Wie es schien, hatte Kishoh schon eine ganze Zeit lang den Vater der Gesegneten Gemahlin Bu im Auge behalten, da Premierminister Bu bei einigen Zwischenfällen recht aufmüpfig gewesen war.

Die Antwort auf diesen Verrat folgte dann schnell und strickt: Als erstes befahl Kishoh, dass die Gesegnete Gemahlin Bu und der zweite Prinz in ihren Gemächern fest gehalten wurden. Dies war ein nun wirklich strikter Hausarrest: Es war ihnen nicht gestattet, ihren Wohnsitz auch nur mit einem Fuß zu verlassen und um den Hof standen bewaffnete Soldaten bereit, um sie zu überwachen.

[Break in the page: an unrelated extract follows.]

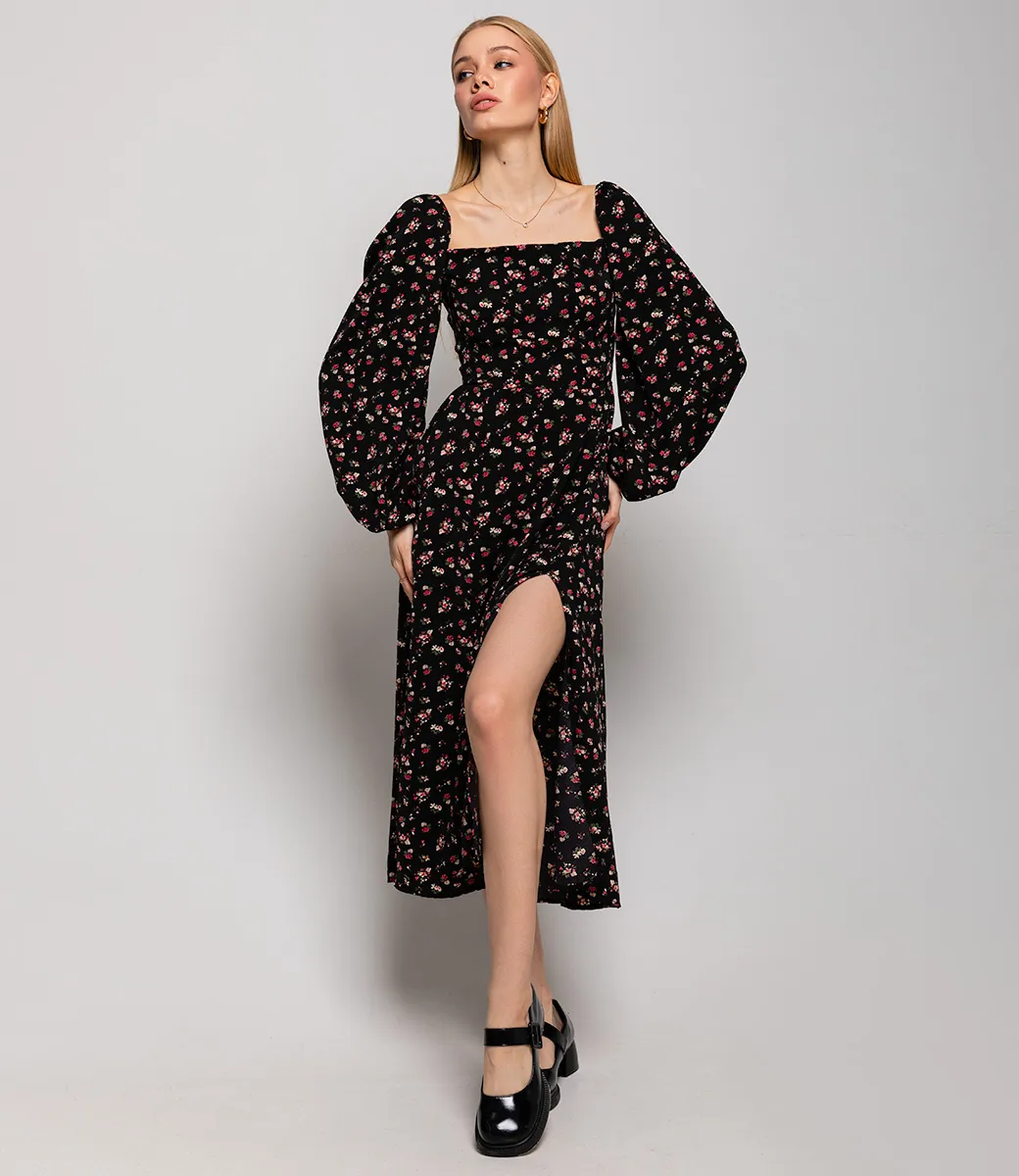 Легкое и воздушное платье в цветочек. Яркий дизайн и деталь в виде открытой спины.

Innerhalb eines Wimpernschlages mobilisierte Kishoh die Kaiserliche Eskorte – eine Einheit, die dem direkten Befehl des Kaisers unterstand – und schickte sie zum Wohnsitz der Bu-Familie. Auch die Residenzen ihrer näheren Verwandten wurden nicht verschont und eingenommen. Doch der eigentliche Schuldige – Premierminister Bu – hatte seinen Aufenthaltsort geheim gehalten und konnte nicht gefasst werden. Es gab bereits Gemunkel, dass er es geschafft hatte, aus der Hauptstadt Einei zu fliehen.

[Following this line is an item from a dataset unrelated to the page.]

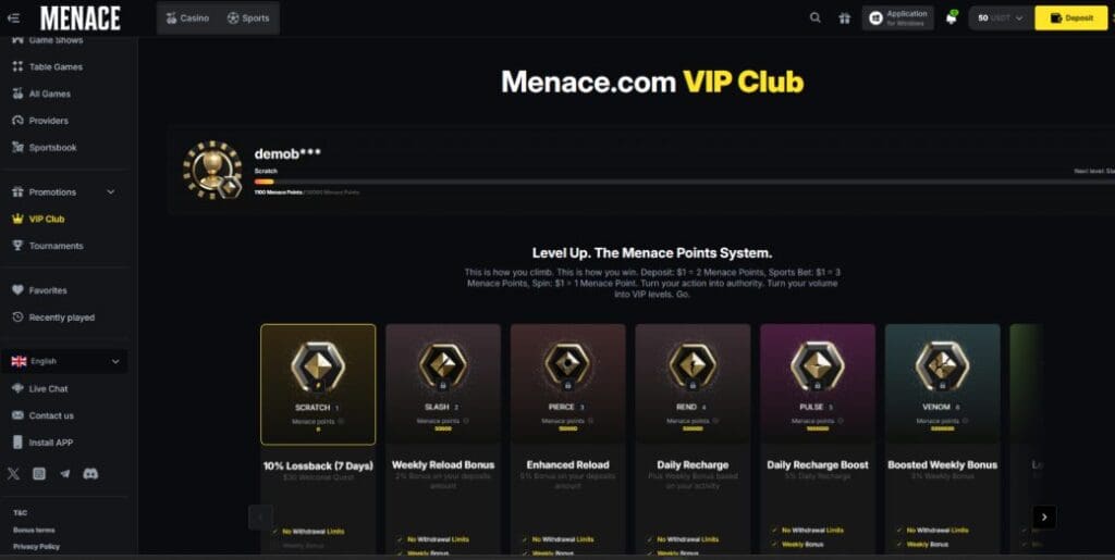 The Menace.com VIP Club is a 14-tier points based program. You earn 2 Menace Points for every $1 you deposit, plus 3 from every $1 bet on sports, and 1 for every $1 you spin at the casino.

Während Kishoh noch vom kaiserlichen Arzt in seinem Schlafgemach des Shibi-Hofes behandelt wurde, kamen laufend Dienstboten herein, denen er unablässig Botschaften mitgab und Anweisungen erteilte. Allerdings schien er trotzdem wütend zu sein, weil er nicht mehr tun konnte. Er begann davon zu sprechen, dass er bald persönlich an die Front ziehen würde, doch Eishun und Kouki hielten ihn zurück.

Ihr seid verwundet; Ihr könnte jetzt nicht zur vordersten Frontlinie aufbrechen“, meinte Eishun ernst. Er machte sich sichtlich Sorgen über Kishoh.

Kouki hingegen meinte frei heraus: „Für einen Verletzten ist es ärgerlich, nichts weiter tun zu können, als die Zeit tot zu schlagen und herum zu trödeln. Während man selbst handlungsunfähig ist, werden die Verbündeten von Premierminister Bu im Kaiserlichen Hof den ersten Zug machen. Allerdings ist dies auch die beste Gelegenheit, diese Kerle zu entlarven und die ganze Bande in einem Zug zu fassen. Majestät, wenn ich so direkt sprechen darf: In Eurem jetzigen Zustand seid Ihr leider eher ein Hindernis für dieses Unterfangen.“

Du scheinst ja mächtig viel Selbstvertrauen zu haben. Denkst du denn wirklich, dass du das schaffen kannst, Kouki?“, fragte Kishoh in herausfordernden Ton, während er sich im Bett aufsetzte.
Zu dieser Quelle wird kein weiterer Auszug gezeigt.